Promise #1: You post it, I like it.
Oh you posted something on social media? Like. Favorite. RT. Done. Am I tagged? Do I think it’s funny? Do I even understand it? Doesn’t matter.
Promise #2: Whether or not I’ve ever met them… If you hate them, I’ll come up with a hundred examples of why they are the worst. 
Your co-worker that makes you feel stupid.  The bagger at Whole Foods who rolls his eyes every time you forget your cloth bags. Your loser ex-boyfriend. THEY SUCK.
Promise #3: I promise to have vodka in my freezer.
I mean, that’s just pretty standard.
Promise #4: If I’m in the same city, I promise I will pick you up from a disastrous situation… and if it’s really bad, we can make a pit-stop at my freezer (see Promise #3).
Maybe it’s raining, you have no umbrella, and you spent A LOT of time on your hair this morning… or maybe you woke up in an “unfamiliar location” in last night’s outfit. A boring party, an awful date.
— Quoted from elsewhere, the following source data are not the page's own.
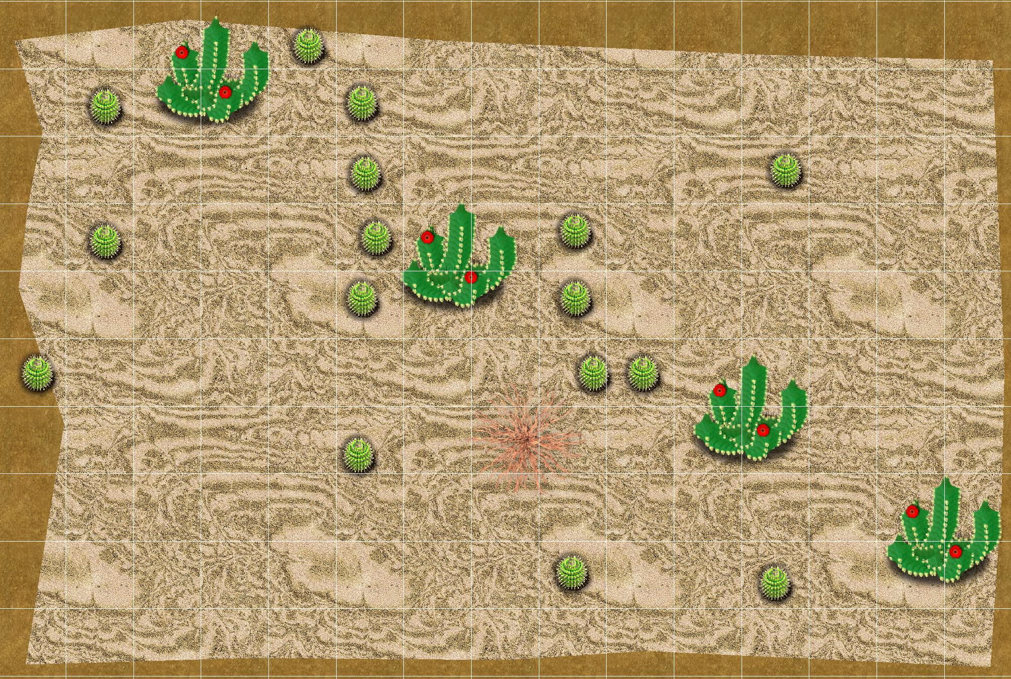 8. leafless brush, green brush, orange/yellow brush, wide path, 2 narrow paths, 3 skeletons, broken wall, pergole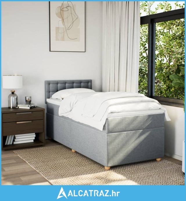 Okvir kreveta s oprugama i madrac svjetlosivi 80x200cm tkanina - NOVO
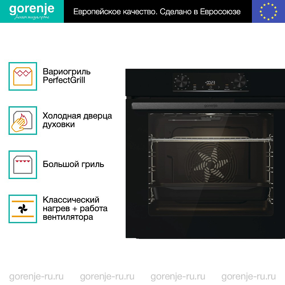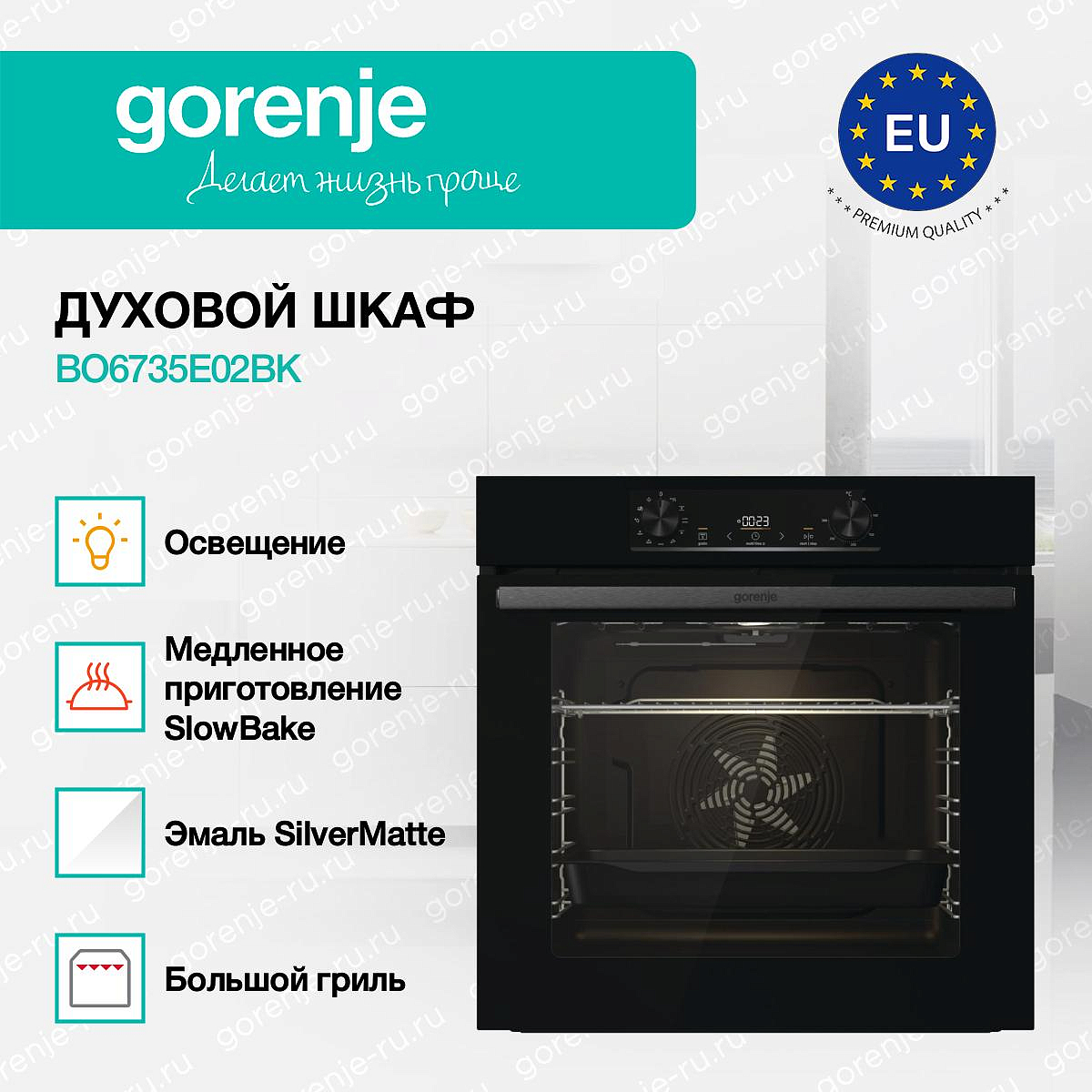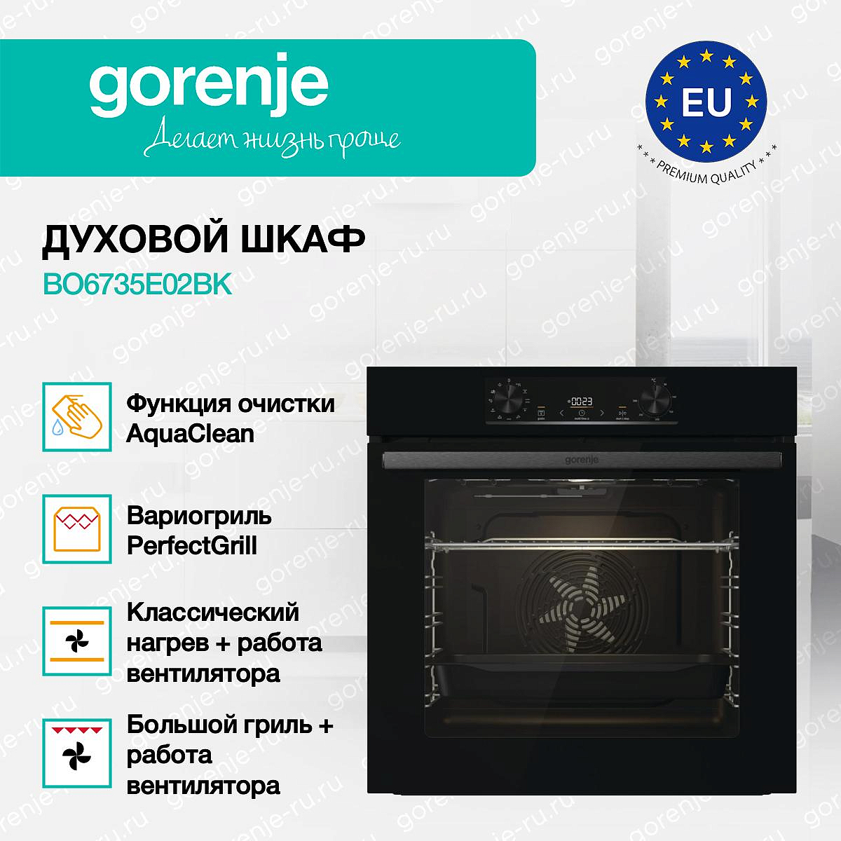 ** Все информационные материалы, представленные на Сайте, носят справочный характер и не могут в полной мере передавать достоверную информацию о свойствах, комплектации и характеристиках товара, включая цвета, размеры и формы. Фирма-производитель оставляет за собой право на внесение изменений в конструкцию, дизайн и комплектацию товара без предварительного уведомления. Перед оформлением Заказа Покупатель должен обратиться к Продавцу для уточнения свойств и характеристик Товара. Подробная информация о товаре указывается в инструкции и на упаковке товара. Используемое название в России: Горенье BO6735E02BK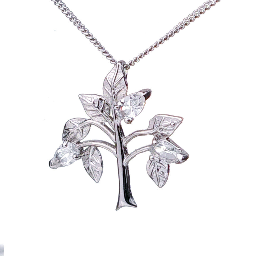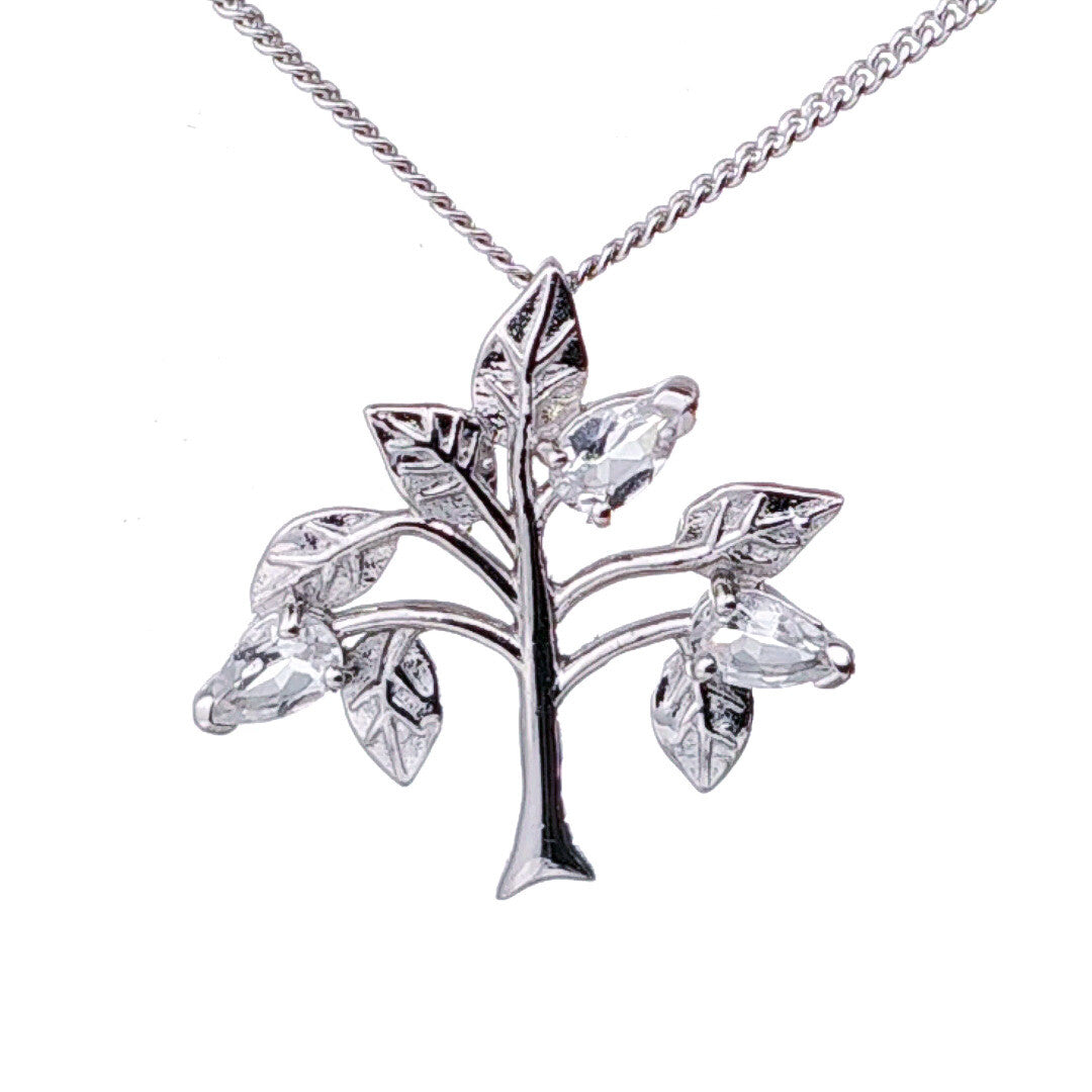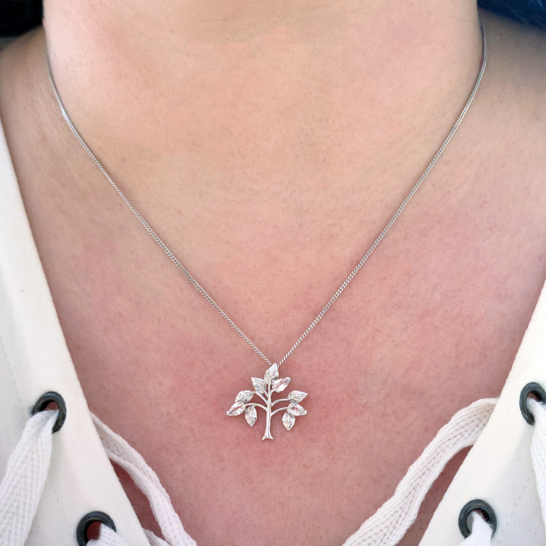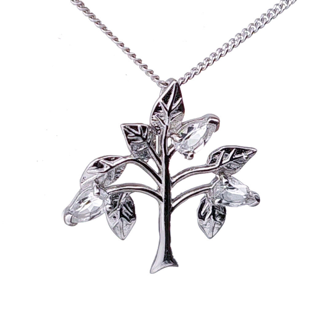 White Topaz Necklace 0.75ct Pear Tree of Life Pendant Sterling Silver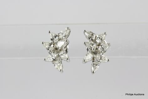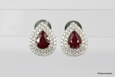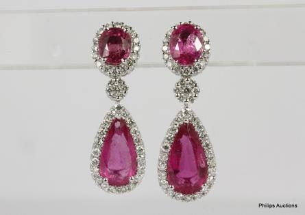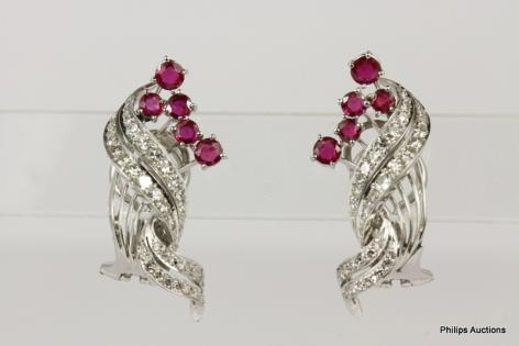 A PAIR OF PLATINUM RUBY AND DIAMOND SPRAY EARRINGS 10.5GRAMS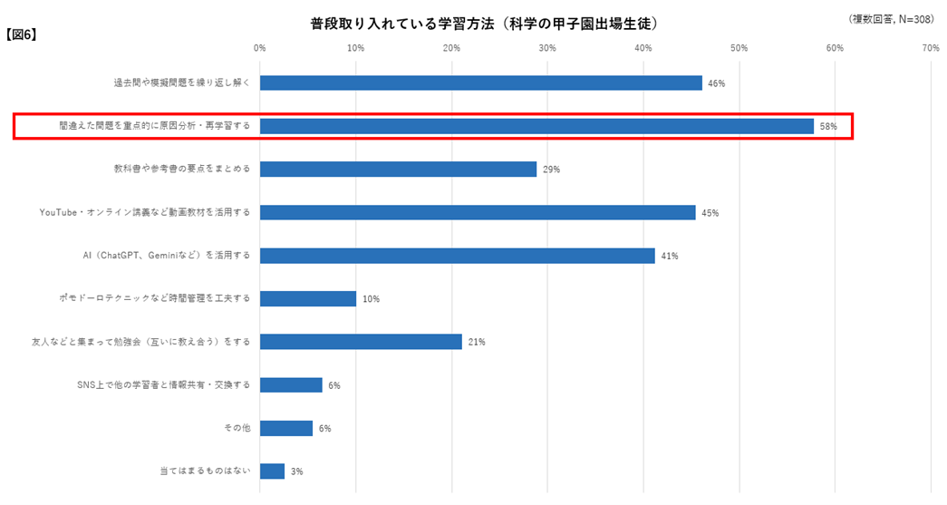 科学の甲子園出場生徒に普段取り入れている学習方法について尋ねたところ、半数以上が「間違えた問題を重点的に原因分析・再学習する(58%)」と回答しました。先述の「AIを活用する」だけでなく、「過去問や模擬問題を繰り返し解く」「YouTubeなどの動画教材を活用する」「要点をまとめる」「友人との勉強会」なども多く、従来の基本的な方法から現代ならではのデジタルを活用する手法まで、自身の学習スタイルにあわせて、様々な方法を柔軟に組み合わせている様子がうかがえました【図6】。

Give me five minutes.
Promise #5: Professional Text Message Analyst at your service.  I’ll even help from long distance, thank God for screenshots.
"How many exclamation points?!" " Was there an emoji, or no?" "Wait, no don’t respond." "Ew why did he say that?"
Promise #6: I will not let you walk out of the house looking like an idiot.                   
Wedges or sandals, gold or silver, dress or jeans? I got you. And I’m not afraid to say “umm, maybe don’t wear that.”  Because it’s better me sayin’ it, than everyone else thinkin’ it.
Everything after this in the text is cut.